## WHAT THE EXERCISE ASKS
Data follows below. Repeat exactly the lines between the line holding "曲げたりひねったり自由自在に" and the line holding "- 语音/对话翻译:实时语音", inclusive, and nothing more; drop pictures.

## EXERCISE INPUTS
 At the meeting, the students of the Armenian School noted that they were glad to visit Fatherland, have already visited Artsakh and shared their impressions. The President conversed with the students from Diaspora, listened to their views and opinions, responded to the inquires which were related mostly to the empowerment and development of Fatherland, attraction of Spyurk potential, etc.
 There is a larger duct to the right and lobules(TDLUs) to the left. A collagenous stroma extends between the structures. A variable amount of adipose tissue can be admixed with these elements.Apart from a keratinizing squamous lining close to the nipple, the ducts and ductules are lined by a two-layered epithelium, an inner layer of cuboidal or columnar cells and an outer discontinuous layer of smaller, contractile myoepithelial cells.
--
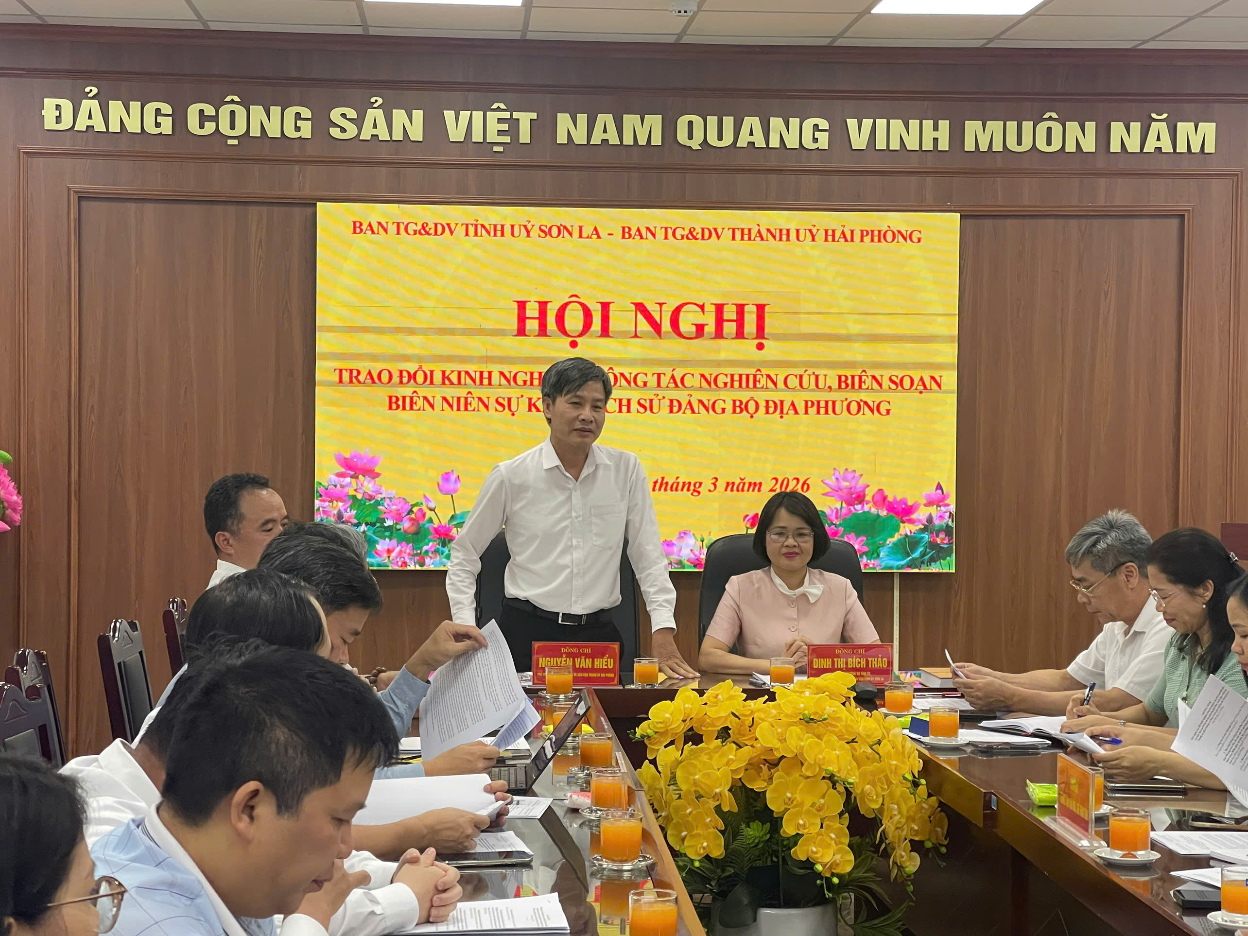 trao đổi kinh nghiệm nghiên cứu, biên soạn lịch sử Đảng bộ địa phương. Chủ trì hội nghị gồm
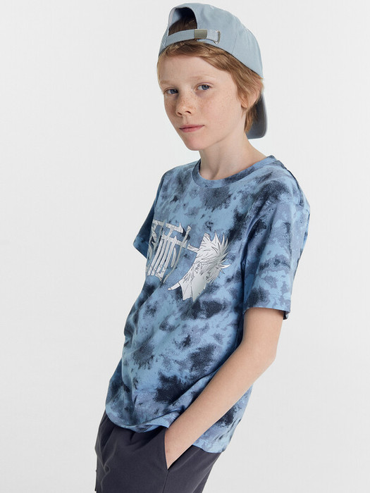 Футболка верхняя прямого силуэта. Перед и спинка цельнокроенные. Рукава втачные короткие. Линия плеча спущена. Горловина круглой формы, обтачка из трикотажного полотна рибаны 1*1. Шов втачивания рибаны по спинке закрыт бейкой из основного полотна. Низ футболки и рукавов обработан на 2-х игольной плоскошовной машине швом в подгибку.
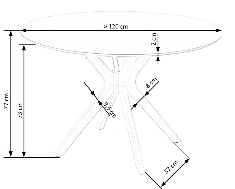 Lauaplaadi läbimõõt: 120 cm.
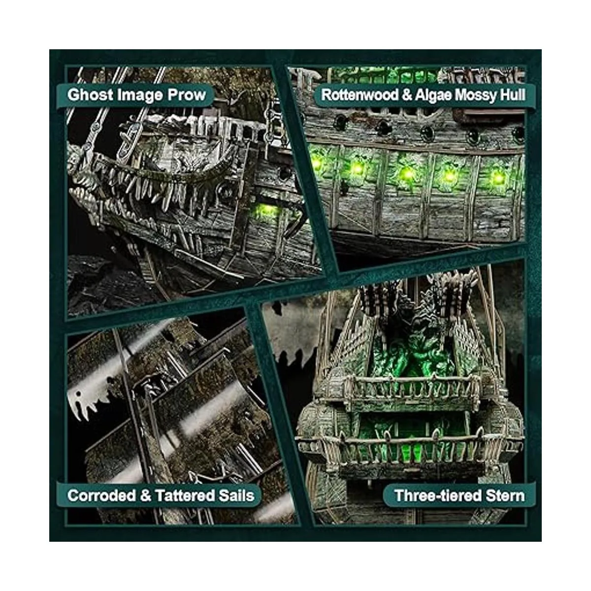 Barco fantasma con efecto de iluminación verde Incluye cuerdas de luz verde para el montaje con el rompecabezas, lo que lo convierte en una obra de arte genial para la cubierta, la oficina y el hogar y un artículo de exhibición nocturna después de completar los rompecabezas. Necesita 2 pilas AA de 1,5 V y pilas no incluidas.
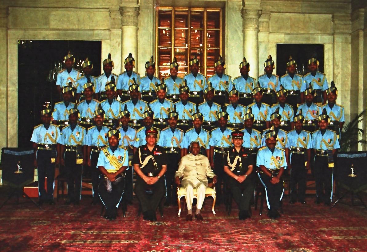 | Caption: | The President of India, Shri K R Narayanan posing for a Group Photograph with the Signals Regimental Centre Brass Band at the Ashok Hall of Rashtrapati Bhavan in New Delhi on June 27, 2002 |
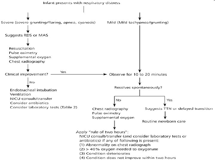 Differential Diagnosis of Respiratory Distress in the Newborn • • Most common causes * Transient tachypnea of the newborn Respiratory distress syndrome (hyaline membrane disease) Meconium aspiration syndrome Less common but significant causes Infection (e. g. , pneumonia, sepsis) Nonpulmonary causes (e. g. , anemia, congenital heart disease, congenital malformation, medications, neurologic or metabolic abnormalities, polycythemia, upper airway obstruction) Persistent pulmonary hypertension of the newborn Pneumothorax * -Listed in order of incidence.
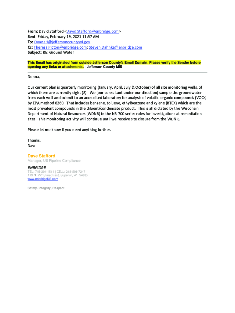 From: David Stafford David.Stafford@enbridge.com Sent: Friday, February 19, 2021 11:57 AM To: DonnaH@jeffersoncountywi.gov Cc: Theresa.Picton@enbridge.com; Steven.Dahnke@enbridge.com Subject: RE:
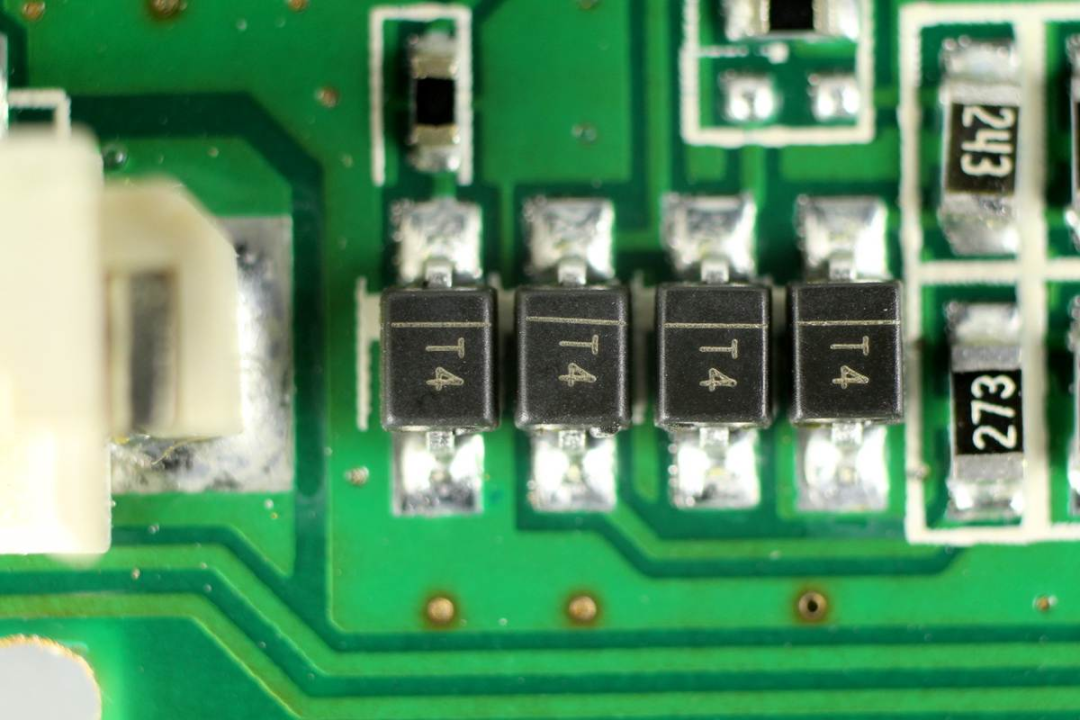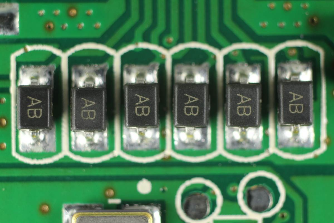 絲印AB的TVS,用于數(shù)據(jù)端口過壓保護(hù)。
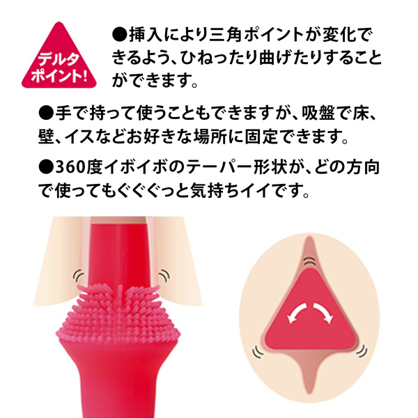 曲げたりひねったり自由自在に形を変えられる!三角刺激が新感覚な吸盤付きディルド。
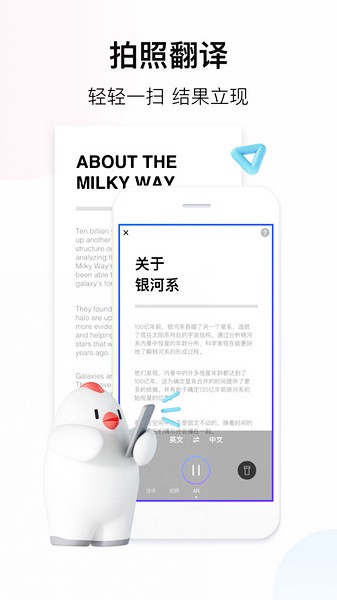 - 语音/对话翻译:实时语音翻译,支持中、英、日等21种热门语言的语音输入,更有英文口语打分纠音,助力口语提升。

## SOLUTION FOR THIS TASK
 曲げたりひねったり自由自在に形を変えられる!三角刺激が新感覚な吸盤付きディルド。
 - 语音/对话翻译:实时语音翻译,支持中、英、日等21种热门语言的语音输入,更有英文口语打分纠音,助力口语提升。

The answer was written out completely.